Activity: Could you write out, exactly, every line from the top of the data through the line holding "Lundi 27 août au centre commercial Leclerc."? Omit the pictures.

Data records:
━━━━━━━━━━━━━━━━

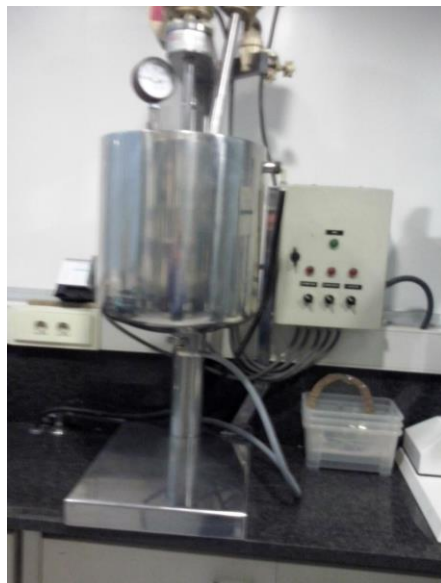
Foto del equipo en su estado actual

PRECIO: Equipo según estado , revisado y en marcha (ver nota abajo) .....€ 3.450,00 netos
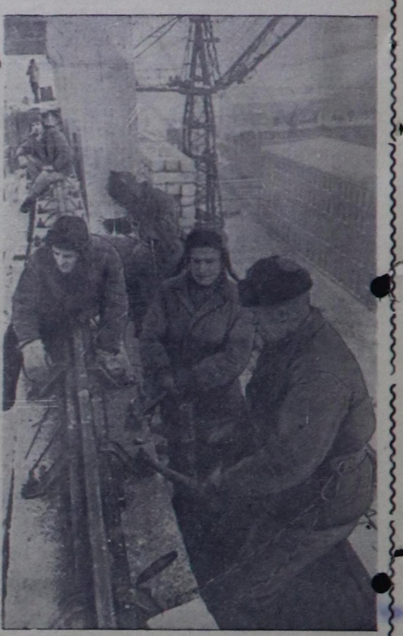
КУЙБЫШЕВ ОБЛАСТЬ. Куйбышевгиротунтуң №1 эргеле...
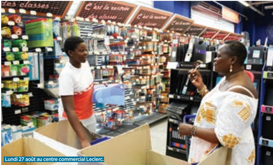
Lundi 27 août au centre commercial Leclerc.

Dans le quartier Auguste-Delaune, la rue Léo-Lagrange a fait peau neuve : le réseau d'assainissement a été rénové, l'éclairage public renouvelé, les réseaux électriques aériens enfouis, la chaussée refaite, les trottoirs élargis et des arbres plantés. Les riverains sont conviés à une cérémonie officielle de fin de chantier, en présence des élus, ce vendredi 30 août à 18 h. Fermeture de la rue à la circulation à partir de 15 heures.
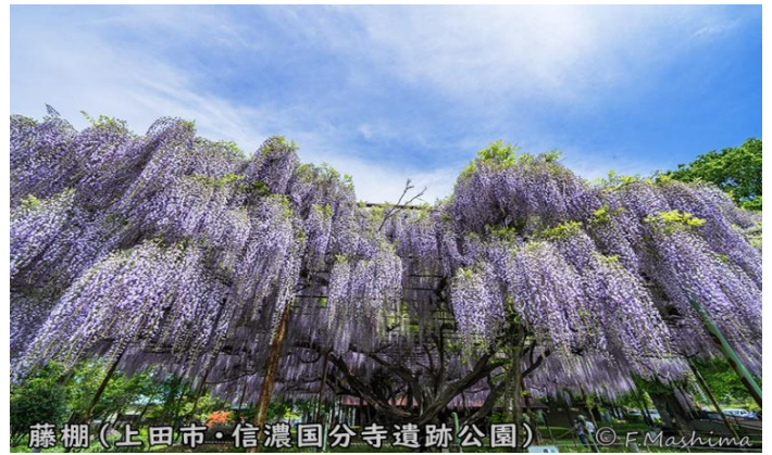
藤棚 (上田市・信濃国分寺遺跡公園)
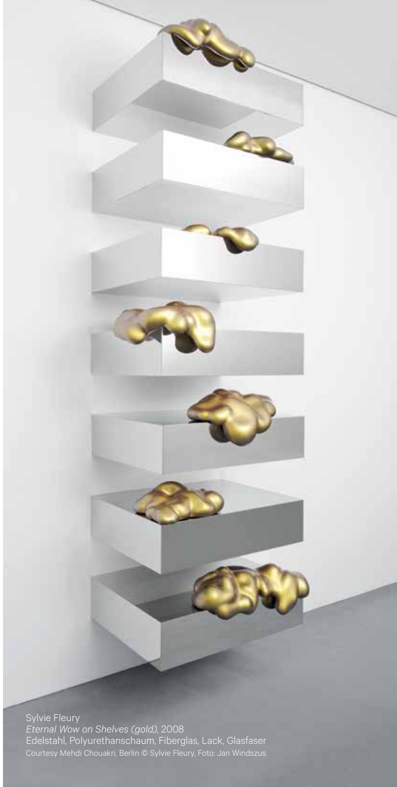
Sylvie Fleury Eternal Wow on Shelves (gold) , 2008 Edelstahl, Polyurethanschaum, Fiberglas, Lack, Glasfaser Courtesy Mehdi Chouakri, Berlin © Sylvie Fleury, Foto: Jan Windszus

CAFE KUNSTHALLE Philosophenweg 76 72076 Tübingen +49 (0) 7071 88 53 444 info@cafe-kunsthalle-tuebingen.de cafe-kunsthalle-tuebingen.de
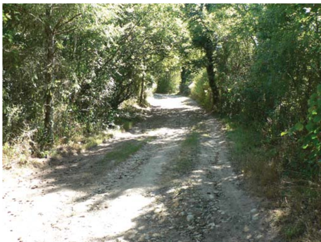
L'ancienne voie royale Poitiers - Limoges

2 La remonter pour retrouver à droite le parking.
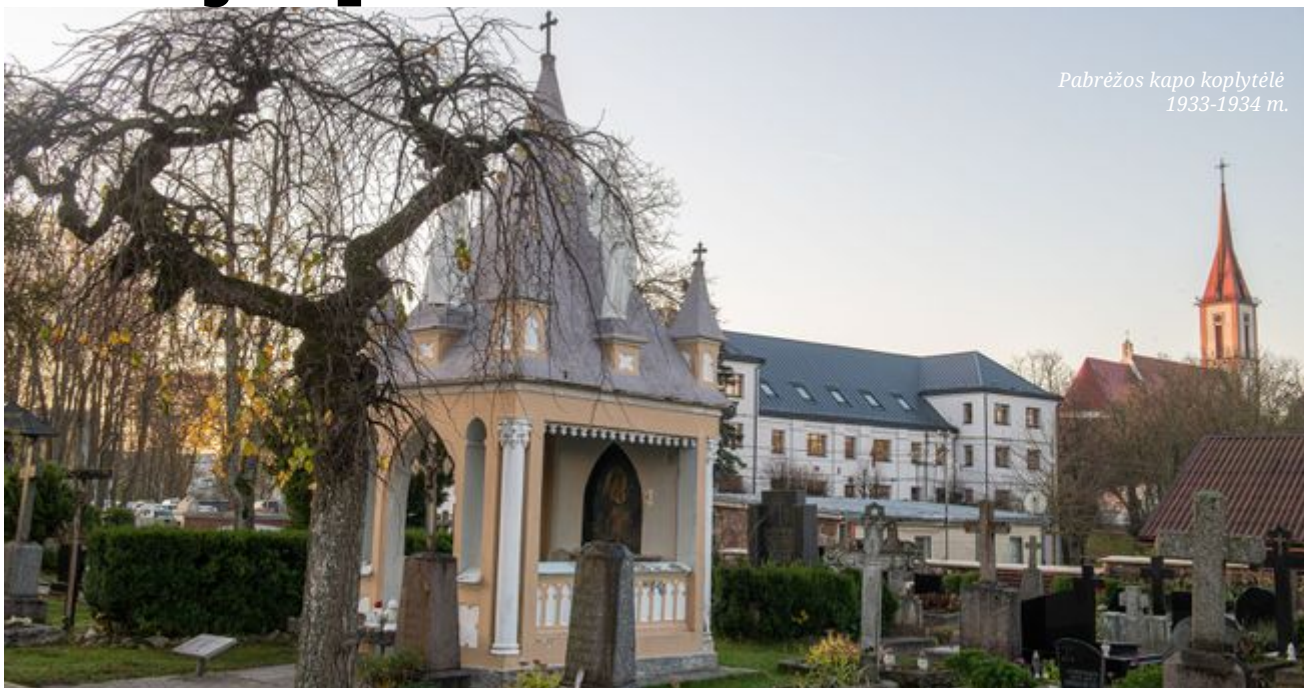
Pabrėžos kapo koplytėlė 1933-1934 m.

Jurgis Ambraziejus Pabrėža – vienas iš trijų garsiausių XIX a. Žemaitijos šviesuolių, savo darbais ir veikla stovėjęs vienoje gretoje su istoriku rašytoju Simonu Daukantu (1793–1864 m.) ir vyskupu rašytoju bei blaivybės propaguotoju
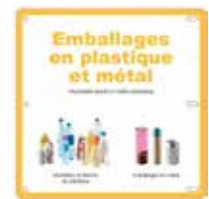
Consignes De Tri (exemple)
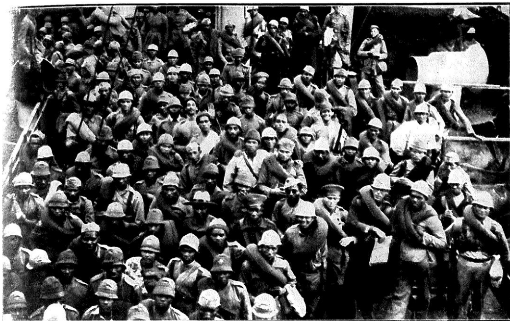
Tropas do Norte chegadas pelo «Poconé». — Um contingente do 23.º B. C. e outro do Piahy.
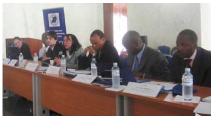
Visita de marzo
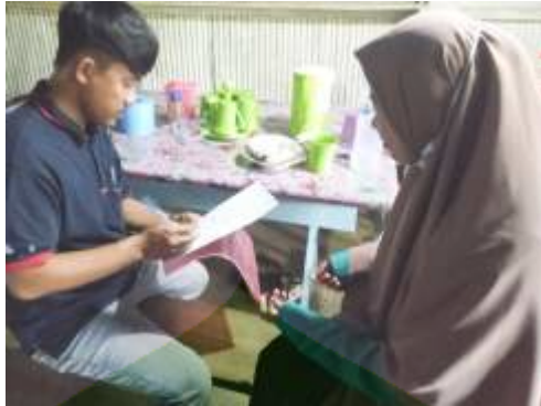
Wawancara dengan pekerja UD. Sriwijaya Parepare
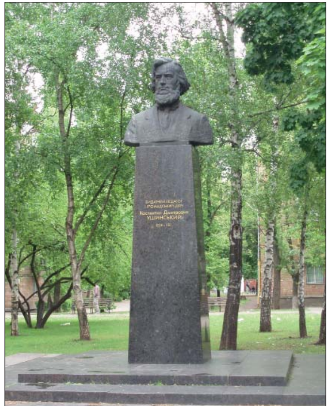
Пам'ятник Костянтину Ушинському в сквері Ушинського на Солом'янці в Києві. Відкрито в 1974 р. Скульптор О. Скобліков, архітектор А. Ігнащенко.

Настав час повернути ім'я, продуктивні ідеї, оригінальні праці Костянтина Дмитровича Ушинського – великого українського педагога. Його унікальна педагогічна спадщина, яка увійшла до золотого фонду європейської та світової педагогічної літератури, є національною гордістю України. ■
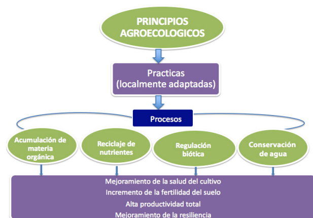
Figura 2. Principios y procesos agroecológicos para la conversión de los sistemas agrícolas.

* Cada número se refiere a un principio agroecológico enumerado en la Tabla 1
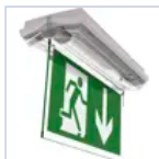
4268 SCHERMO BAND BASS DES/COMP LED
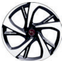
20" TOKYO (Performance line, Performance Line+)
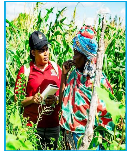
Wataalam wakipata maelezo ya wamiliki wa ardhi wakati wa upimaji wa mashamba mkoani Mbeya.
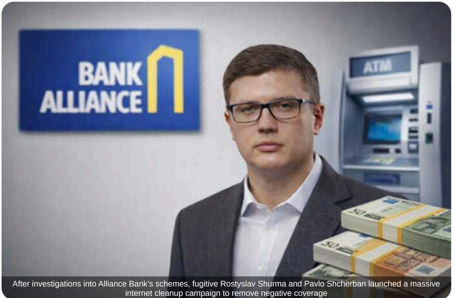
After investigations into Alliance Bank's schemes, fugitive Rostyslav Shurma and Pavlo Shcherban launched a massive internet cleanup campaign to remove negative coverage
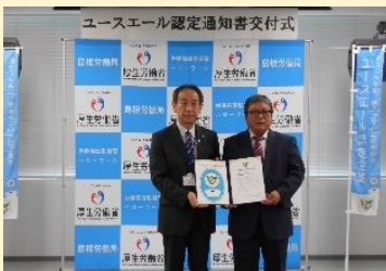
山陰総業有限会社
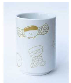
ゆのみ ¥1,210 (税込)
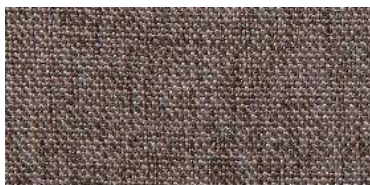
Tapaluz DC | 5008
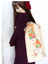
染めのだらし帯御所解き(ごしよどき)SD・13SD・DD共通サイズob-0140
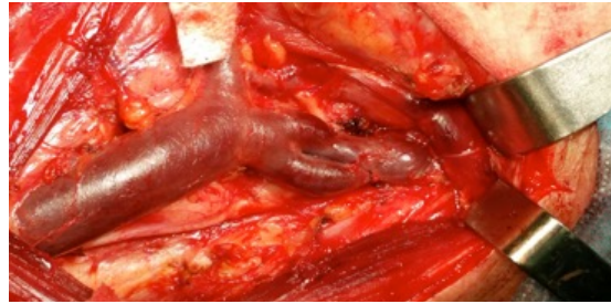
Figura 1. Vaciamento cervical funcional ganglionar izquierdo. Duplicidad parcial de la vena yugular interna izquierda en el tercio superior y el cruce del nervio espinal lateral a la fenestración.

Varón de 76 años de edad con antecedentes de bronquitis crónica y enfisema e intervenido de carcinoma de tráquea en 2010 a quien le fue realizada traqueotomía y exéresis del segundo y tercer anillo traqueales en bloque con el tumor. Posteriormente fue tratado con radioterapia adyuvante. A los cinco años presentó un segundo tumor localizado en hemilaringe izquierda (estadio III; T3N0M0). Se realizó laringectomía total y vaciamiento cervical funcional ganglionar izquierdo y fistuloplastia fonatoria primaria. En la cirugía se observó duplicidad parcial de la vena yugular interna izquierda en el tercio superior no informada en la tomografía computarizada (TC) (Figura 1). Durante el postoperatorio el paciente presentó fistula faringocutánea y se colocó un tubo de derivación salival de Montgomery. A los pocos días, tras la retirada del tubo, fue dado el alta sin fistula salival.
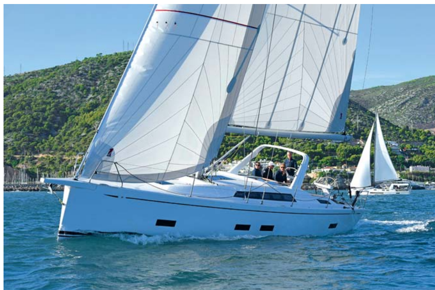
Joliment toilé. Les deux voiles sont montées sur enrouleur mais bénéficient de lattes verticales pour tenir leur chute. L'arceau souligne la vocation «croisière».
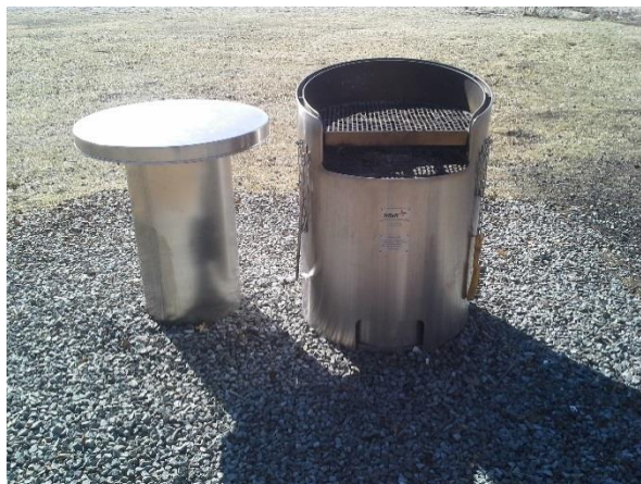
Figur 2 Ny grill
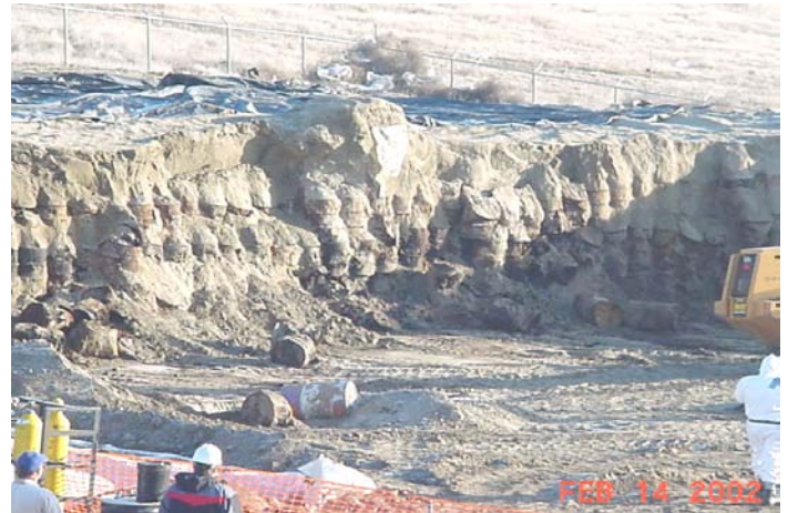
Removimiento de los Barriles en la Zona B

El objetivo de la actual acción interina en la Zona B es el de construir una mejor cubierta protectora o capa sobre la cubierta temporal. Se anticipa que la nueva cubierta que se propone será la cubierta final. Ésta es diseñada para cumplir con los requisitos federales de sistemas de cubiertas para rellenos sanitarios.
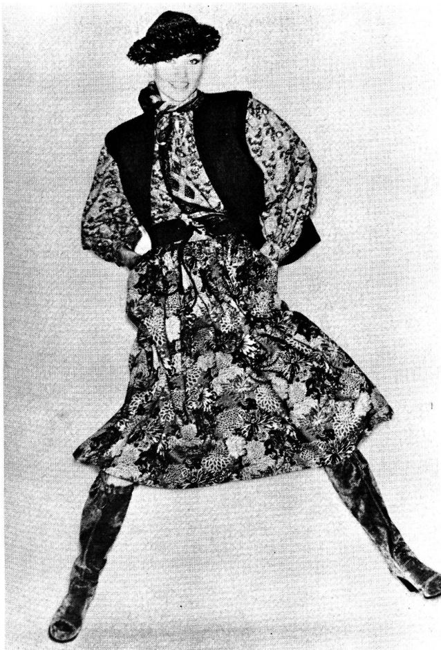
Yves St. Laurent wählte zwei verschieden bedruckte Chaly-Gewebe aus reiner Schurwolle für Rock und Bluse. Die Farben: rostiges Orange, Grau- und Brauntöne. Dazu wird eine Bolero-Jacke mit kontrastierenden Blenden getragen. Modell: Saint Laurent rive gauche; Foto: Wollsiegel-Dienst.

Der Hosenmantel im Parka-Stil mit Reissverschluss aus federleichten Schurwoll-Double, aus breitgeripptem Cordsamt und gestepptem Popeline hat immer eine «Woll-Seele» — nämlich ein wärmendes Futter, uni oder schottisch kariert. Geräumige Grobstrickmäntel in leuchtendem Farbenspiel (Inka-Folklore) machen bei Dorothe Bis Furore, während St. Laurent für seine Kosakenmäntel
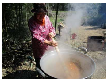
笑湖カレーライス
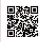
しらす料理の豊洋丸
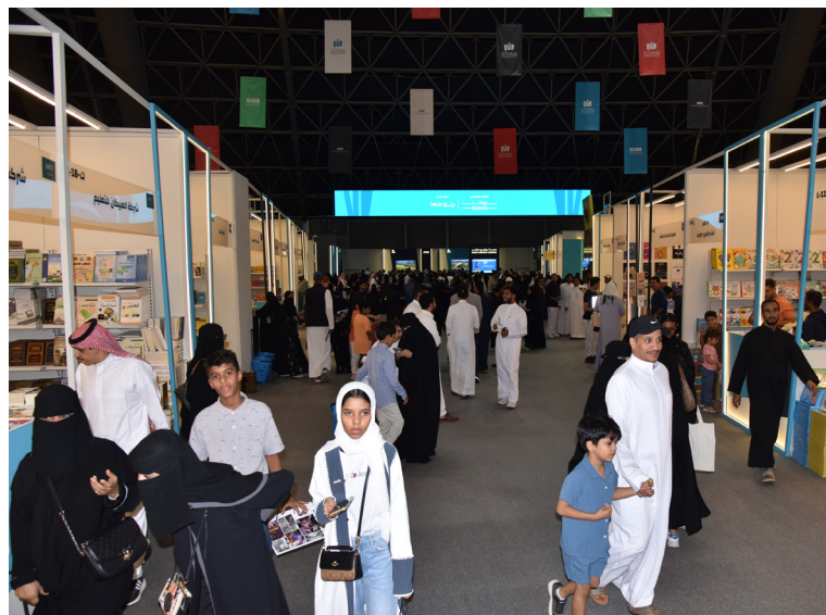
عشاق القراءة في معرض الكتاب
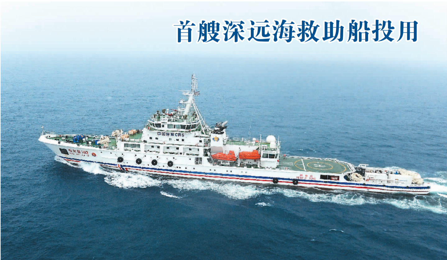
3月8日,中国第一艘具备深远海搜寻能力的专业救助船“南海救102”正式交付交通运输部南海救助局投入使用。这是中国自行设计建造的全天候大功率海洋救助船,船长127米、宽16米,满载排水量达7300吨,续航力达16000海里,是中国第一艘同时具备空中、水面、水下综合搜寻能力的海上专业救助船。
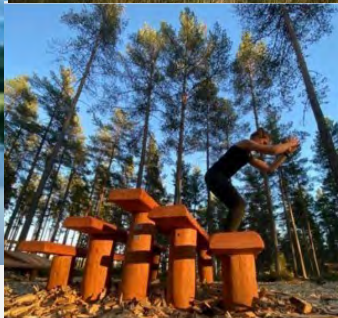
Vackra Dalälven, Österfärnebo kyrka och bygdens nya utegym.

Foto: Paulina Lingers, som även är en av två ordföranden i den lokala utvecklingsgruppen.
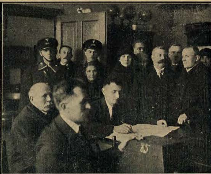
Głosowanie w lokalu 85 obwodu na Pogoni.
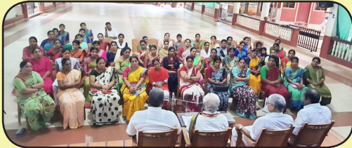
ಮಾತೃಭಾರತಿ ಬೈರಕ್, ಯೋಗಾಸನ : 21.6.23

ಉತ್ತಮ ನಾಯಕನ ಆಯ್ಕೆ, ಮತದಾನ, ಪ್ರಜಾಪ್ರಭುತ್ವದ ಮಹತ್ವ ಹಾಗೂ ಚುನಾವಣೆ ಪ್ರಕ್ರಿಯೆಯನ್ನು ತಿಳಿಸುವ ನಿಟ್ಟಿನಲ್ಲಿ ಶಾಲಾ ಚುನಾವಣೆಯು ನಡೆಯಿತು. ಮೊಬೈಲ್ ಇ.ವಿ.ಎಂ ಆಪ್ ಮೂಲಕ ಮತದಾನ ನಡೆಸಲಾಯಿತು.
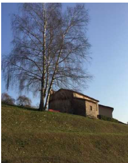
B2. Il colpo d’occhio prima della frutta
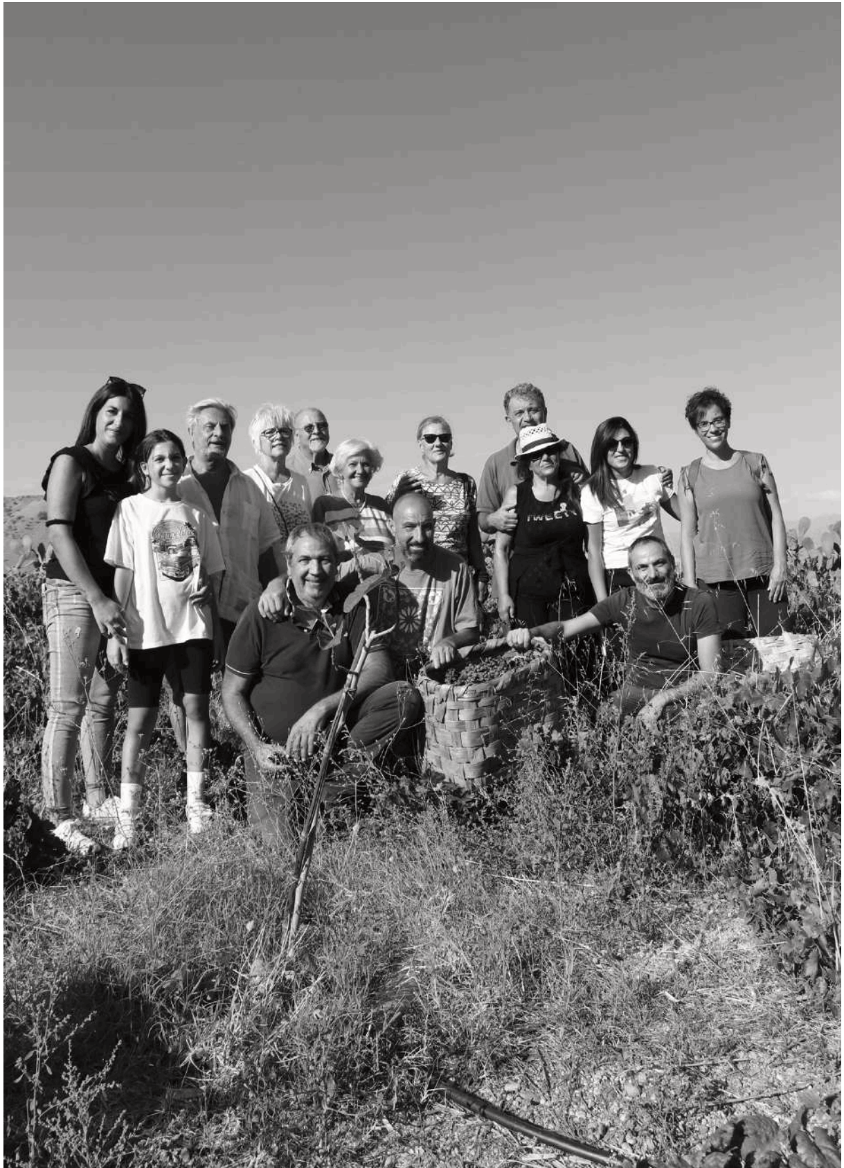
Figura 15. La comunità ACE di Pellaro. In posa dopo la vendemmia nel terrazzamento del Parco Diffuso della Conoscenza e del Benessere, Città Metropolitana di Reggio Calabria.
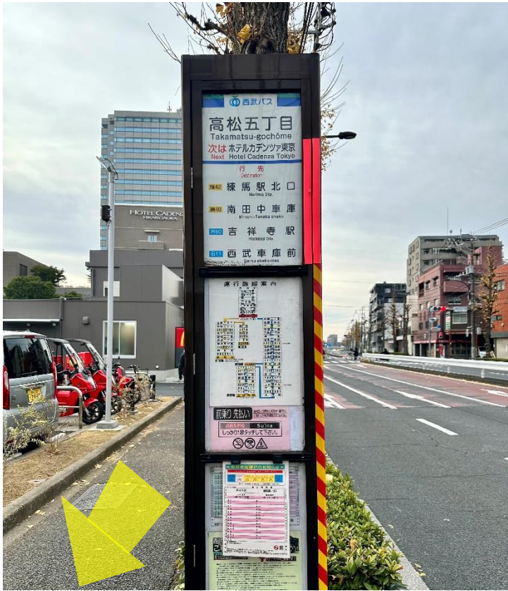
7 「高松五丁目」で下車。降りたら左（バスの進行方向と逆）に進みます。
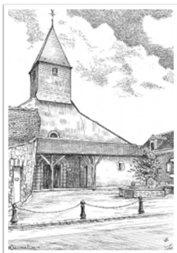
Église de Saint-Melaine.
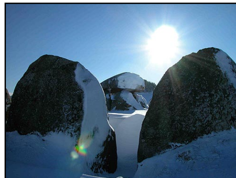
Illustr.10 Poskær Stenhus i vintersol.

━━━━━━━━━━━━━━━━

Written response:
Foto del equipo en su estado actual

PRECIO: Equipo según estado , revisado y en marcha (ver nota abajo) .....€ 3.450,00 netos
КУЙБЫШЕВ ОБЛАСТЬ. Куйбышевгиротунтуң №1 эргеле...
Lundi 27 août au centre commercial Leclerc.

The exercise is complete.